Шаус не обратил на них никакого внимания, заняв свои мысли теми, кто стоял возле караулки, – группой стражников в блестящих кольчугах с нашивками императорской службы. В центре группы из семи солдат стоял седой мужчина с некогда рассеченной и не очень хорошо сросшейся губой. И не только губой – его лицо представляло собой что-то вроде крестьянского поля, изборожденного плугом, – время и соперники не оставили на нем ни одного гладкого местечка.
Кое-где красовались порезы после бритья – да и немудрено; с таким-то лицом да не порезаться? Особенно если делаешь это с похмелья! А Егрус любил выпить, это Шаус помнил с тех времен, когда они, молодые стражники, шатались по улицам города, пытаясь найти дорогу в казарму, где жили новобранцы, не имеющие своего жилья.
Егрус громко кричал и на возчика, и на подчиненных. Шаус увидел у него знак уснара – похоже, друг юности был тут старшим.
У Шауса потеплело на душе – Егрус был в общем-то славным парнем, вряд ли его испортила служба в страже. Хотя… бывало и так, что попавший в ее ряды человек в считаные месяцы превращался в законченного циника, а иногда и негодяя – служба накладывает свой отпечаток на любого, особенно такая. Как говорится, с кем общаешься, от того и наберешься.
Негодяев в страже было предостаточно – как, впрочем, на любой другой государственной службе. Жрать-то всем хочется, а на службе императору гарантировано жалованье, обмундирование, крыша над головой, так что лезут туда все, у кого есть хоть немного соображалки и нет возможности жить на доходы от крестьян, работающих в полях хозяина.

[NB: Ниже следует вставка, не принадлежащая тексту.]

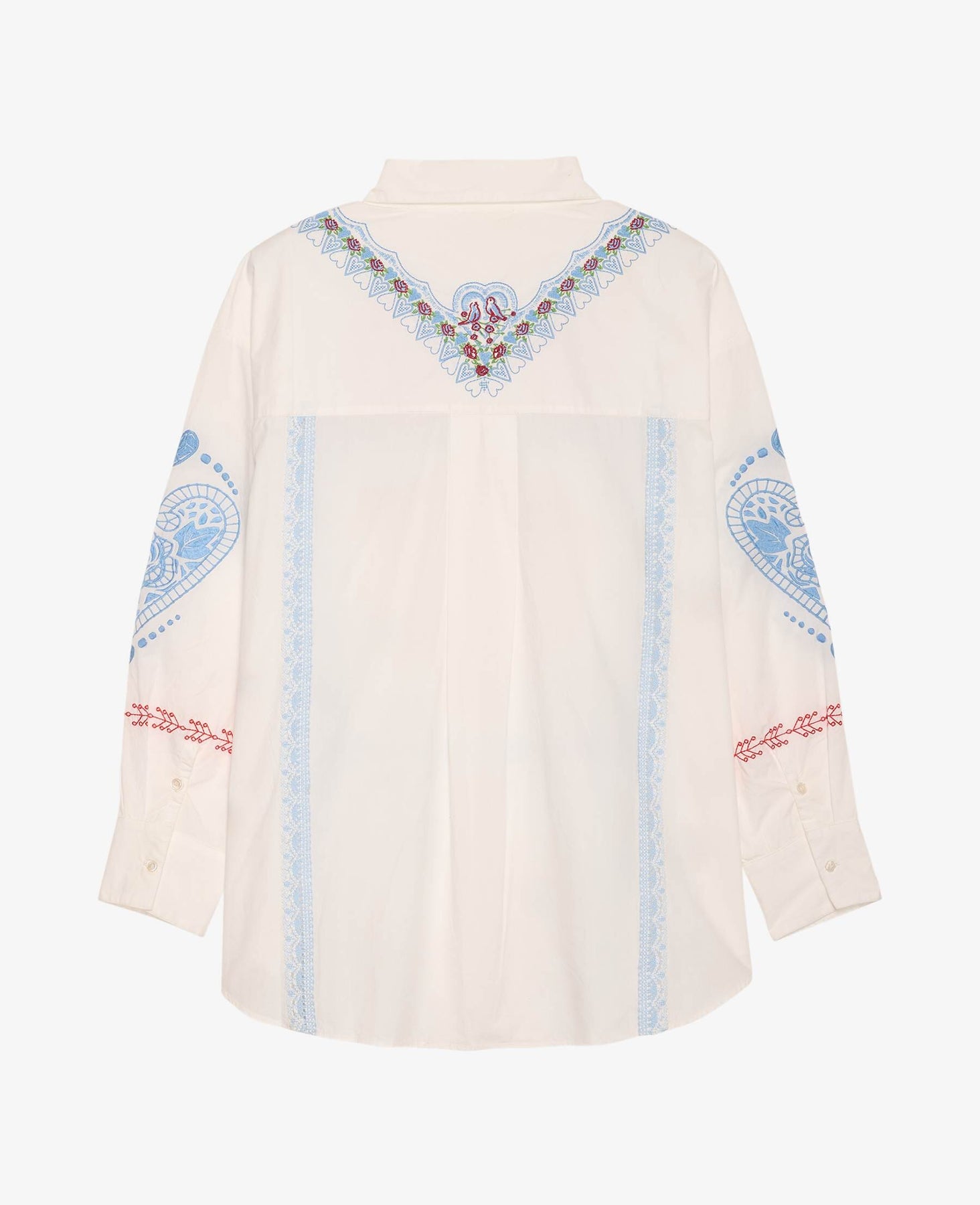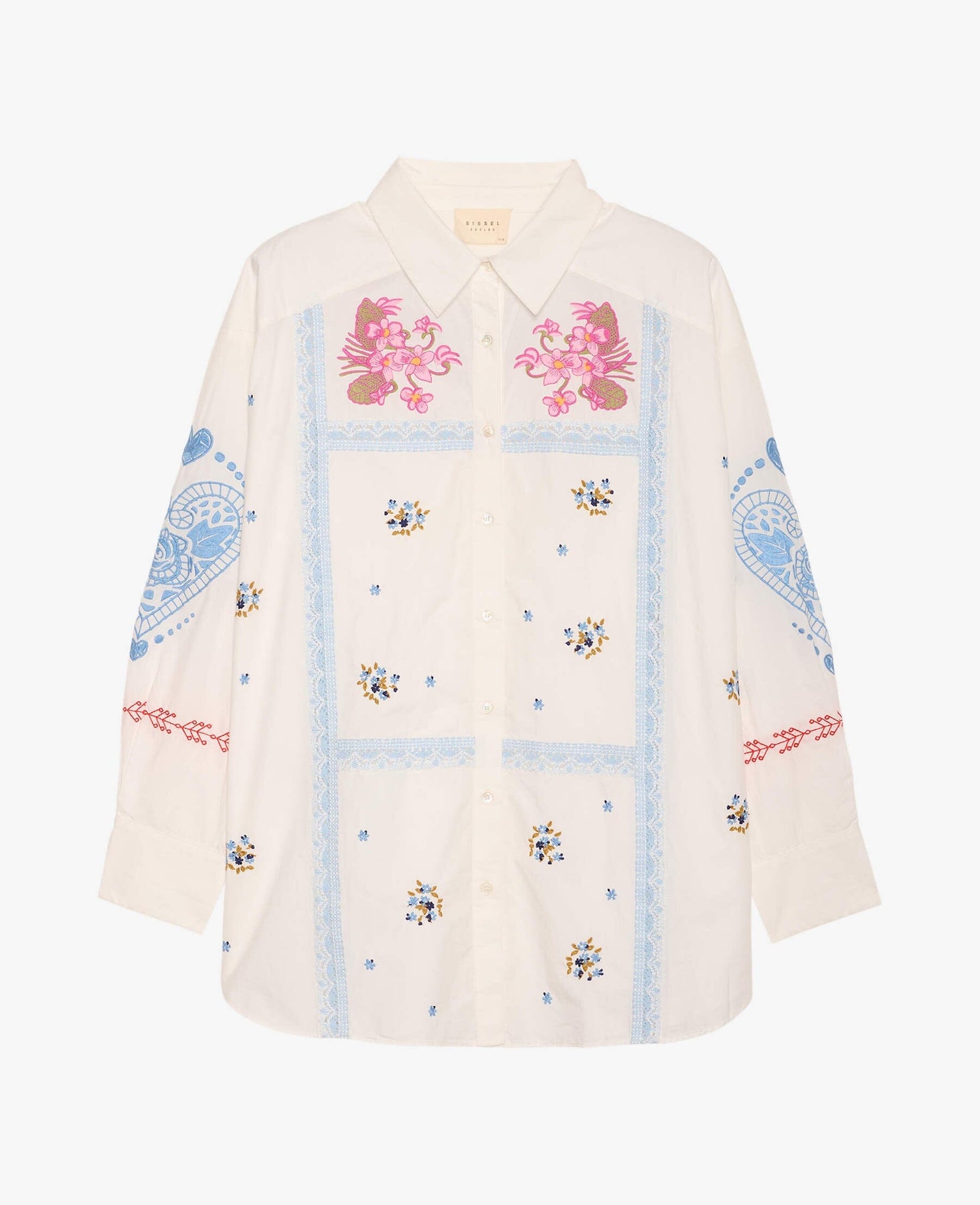 Biała koszula od Sissel Edelbo z haftowanymi kwiatami i sercami w różowych i niebieskich odcieniach oraz delikatnymi koronkami wzdłuż rękawów.

В основном стражники были из деревень, из провинций, такая служба хорошо подходила людям недалеким, хитрым и толстокожим. Нервные, вечно бунтующие горожане в стражу шли неохотно – в столице можно жить и другим промыслом, не таким презираемым и опасным. Служба в городской страже никогда не была мирной, случись бунт – кого первого бьют?
Шаус раздвинул стражников, внимающих командиру, изрыгающему первоклассную ругань, достойную записи в специальную книгу (так красочны были некоторые обороты), подошел к нему чуть сбоку и сзади, не говоря ни слова, и стоял, пока Егрус не заинтересовался, почему это смотрят ему за плечо, и не повернулся, мгновенно хватаясь за рукоять кинжала. Реакция у него отменная – это Шаус помнил, а еще помнил, что Егрус терпеть не мог, когда кто-то подкрадывался к нему сзади.

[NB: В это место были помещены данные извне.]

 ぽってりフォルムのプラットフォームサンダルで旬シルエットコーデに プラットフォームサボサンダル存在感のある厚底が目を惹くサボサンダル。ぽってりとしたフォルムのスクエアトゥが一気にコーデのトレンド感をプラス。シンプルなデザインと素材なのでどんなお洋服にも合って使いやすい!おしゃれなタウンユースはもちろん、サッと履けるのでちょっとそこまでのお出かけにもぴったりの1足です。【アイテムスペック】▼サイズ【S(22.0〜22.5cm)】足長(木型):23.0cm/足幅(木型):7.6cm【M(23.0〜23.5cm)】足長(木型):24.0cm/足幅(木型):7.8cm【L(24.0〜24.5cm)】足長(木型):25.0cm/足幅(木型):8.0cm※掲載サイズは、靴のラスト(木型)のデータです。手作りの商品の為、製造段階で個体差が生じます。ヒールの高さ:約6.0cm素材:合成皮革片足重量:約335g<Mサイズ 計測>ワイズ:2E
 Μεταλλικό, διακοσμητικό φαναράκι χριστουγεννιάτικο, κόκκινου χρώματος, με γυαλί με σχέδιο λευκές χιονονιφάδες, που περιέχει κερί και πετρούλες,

– Тихо, тихо, старина, – добродушно прогудел Шаус, возвышаясь над приятелем, как осадная башня, – свои!
Егрус прищурил глаза, потом хлопнул себя по бокам и с радостным воплем бросился на Шауса, врезав ему по плечу ладонью так, что Шаус едва не покачнулся. При всем своем невысоком росте Егрус был очень силен, и если кто-то думал, что его раздутое бочкообразное тело наполняет жир, он ошибался. Мышцы – железные, как наковальня кузнеца. Некогда, на самой заре их дружбы, Шаус и Егрус повздорили и попытались крепко вздуть друг друга – они долго катались по казарме, ломая топчаны, под радостные крики сослуживцев, а потом разбили друг другу морды, так и не выяснив, кто же из них сильнее. Ни один сдаваться не хотел, будучи упрямым как осел. С тех пор они и подружились.
– Дружище! Ты жив! Столько лет! Смотрите, олухи! Вот настоящий стражник! Вам до него еще расти и расти! Это уснар Шаус Истарский, настоящий вояка, мой друг! Мужчина! Воин! Не то что вы – полубабы-полуослы! И кончите вы плохо, безмозглые ослоптицы! Идем, дружище, посидим в караулке, пока эти ослы вытрясают из придурка положенную плату и мзду за беспокойство! Вытащить целого уснара из караулки, оторвать его от холодного пива – может ли быть преступление более отвратительное?! Только если снять его с молоденькой девки – но за это уже положена смерть, а не мзда!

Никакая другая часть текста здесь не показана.